ARTICLE 7 - SURVIVAL OF REPRESENTATIONS, WARRANTIES AND COVENANTS
7.1
Survival of Representations, Warranties and Covenants of the Company
The representations, warranties and covenants of the Company contained in this Subscription Agreement shall survive the Closing and, notwithstanding such Closing or any investigation made by or on behalf of the Subscriber with respect thereto, shall continue in full force and effect for the benefit of the Subscriber and the Agents.
7.2
Survival of Representations, Warranties and Covenants of the Subscriber
The representations, warranties and covenants of the Subscriber contained in this Subscription Agreement shall survive the Closing and, notwithstanding such Closing or any investigation made by or on behalf of the Company or the Agents with respect thereto and notwithstanding any subsequent disposition by the Subscriber of any of the Unit Shares, the Warrants or the Warrant Shares, and shall continue in full force and effect for the benefit of the Company and the Agents.
8.1
Commission to the Agents
The Subscriber understands that, in connection with the issue and sale of the Units pursuant to the Offering, the Agents will receive from the Company on Closing a cash commission equal to 6% of the gross proceeds from the Offering.
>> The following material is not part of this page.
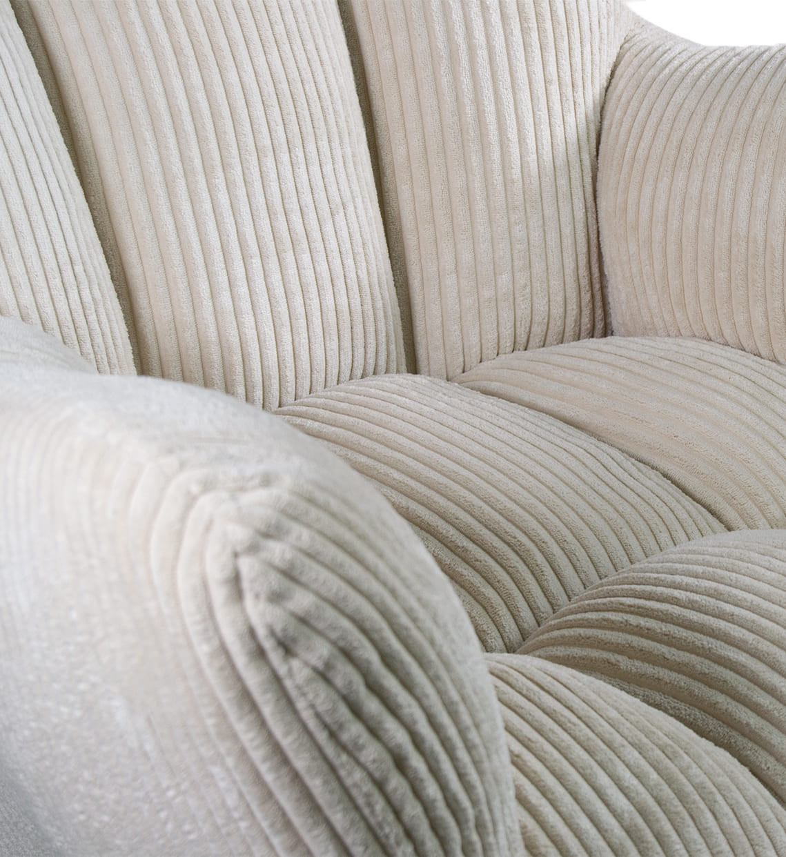 Avec son haut dossier et ses accoudoirs, ce siège à bascule en velours beige offre une assise particulièrement agréable. Les courbes du dossier comme de l’assise ont été pensées pour accueillir confortablement l’utilisateur, qui n’a plus qu’à donner un petit coup de pied pour lancer le mouvement d’avant en arrière qui produit cette sensation si agréable de bercement qui fait son succès depuis sa création.

The Company will also issue to the Agent compensation options (the "Compensation Options"). Each Compensation Option will entitle the holder to acquire one Compensation Share for US$2.10 for a period of 24 months following the Closing Date.
ARTICLE 9 - MISCELLANEOUS
9.1
Further Assurances
Each of the parties hereto upon the request of each of the other parties hereto, whether before or after the Closing Time, shall do, execute, acknowledge and deliver or cause to be done, executed, acknowledged and delivered all such further acts, deeds, documents, assignments, transfers, conveyances, powers of attorney and assurances as may reasonably be necessary or desirable to complete the transactions contemplated herein.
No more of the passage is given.